I also pay tribute to the noble Lord, Lord Crisp, for introducing this debate. I will contribute a few thoughts about one of the wider issues that shapes the nature of the nation’s health and which many other noble Lords have referred to—the issue of loneliness and isolation. However, I want to start by talking about babies and young children and about the considerable body of evidence we now possess about the development of a child’s neural networks and the fact that it is absolutely essential for parents and caregivers to talk to children and hug them. This is not only about making them feel secure and loved but about allowing their brains to develop properly.

I raise this point to draw a comparison with newspaper reports a couple of days ago, which some of your Lordships may have seen, about a major piece of research conducted by scientists at the University of Chicago. The research demonstrated that people who live alone and are lonely have signs of highly strung so-called “fight or flight” responses in their nervous systems, as well as greater numbers of a type of white blood cell that boosts inflammation. People who had this in their bloodstream were also more likely to report that they felt lonely even a year after the original study was undertaken, suggesting that the emotions and the chemistry may feed off each other or be related in some way. The academics described the loneliness as chronic and suggested that the constant stress, and its biological effects, could “amplify or prolong” people’s sense of isolation, much as those who feel ill often tend, unconsciously, to avoid other people.

What can we possibly draw from this? As the right reverend Prelate said, it is that lonely people are more prone to disease; the noble Lord, Lord Crisp, said this too. It means that loneliness is dangerous, that lonely people die earlier and that there is a real physical effect—we have heard that from many speakers around the House. Just like babies, older people need human interaction and stimulus, and the lack of it may lead to physical ill health and early death. Just as babies need human interaction for their brains to develop and grow, so adults need human interaction to keep them healthy. But with older people, the science is in its infancy, even though the psychosocial observation is commonplace. We all need to be needed.

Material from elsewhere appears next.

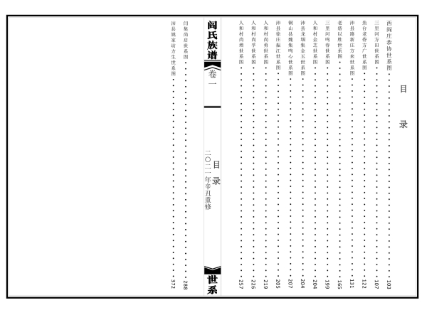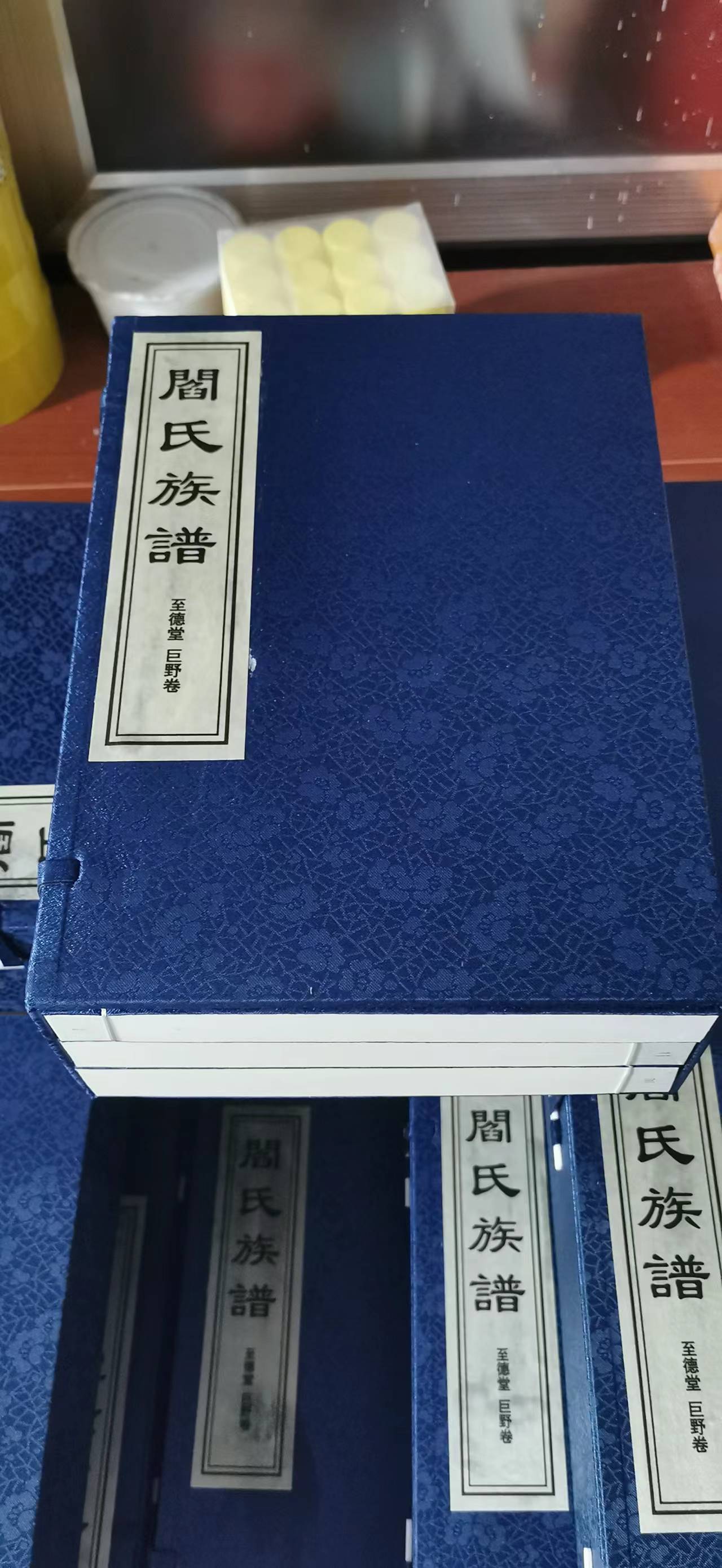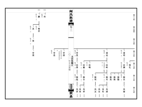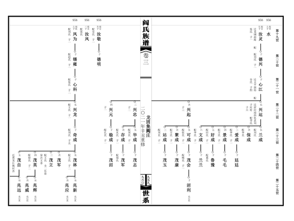 主编阎和彪,大义镇政府工作人员。本谱样式根据原谱设计,内容较详尽,谱载配氏何村何人几女,生女虽不挂线,但载嫁何村何门,世系采用经典吊线图,按家家清排序,七世一图,十五世两图,图图衔接,另加上下链接页码,便于查找。字体皆用宋体,古朴典雅。 后又增200套,采用无线胶装,一套两本,996页,于2022年11月成谱。

What can we do? Along with the great charities that do much to try to reduce the isolation of lonely people, such as the Silver Line, Contact the Elderly and many others, I believe that we need to encourage everyone to contribute something to society, even if they are housebound or isolated. Housebound people can be telephone volunteers: they can buddy other isolated people and can plan activities from home. But doing this is not a free good. The people concerned would need to be chivvied, encouraged, monitored, thanked and probably trained as well. The cost is in sorting out the systems and in getting sufficiently motivated volunteer organisers to keep it going. But it would undoubtedly be life-transforming and, arguably, if the statistics are right about the actual financial cost of loneliness, let alone its emotional and social costs, worth it.

If we were to invest in this kind of loneliness-avoiding work, which is largely low-tech and easy to manage, we would create a healthier society with fewer costs to the NHS. A small investment here could make a big difference and save the public purse millions, as well as alleviating distress, loneliness, ill health and isolation. It has to be worth a try in creating a healthier society. So I very much second my noble friend Lord Crisp’s call for an ad hoc committee on creating a healthy society, because I think there are practical ways in which we could do it.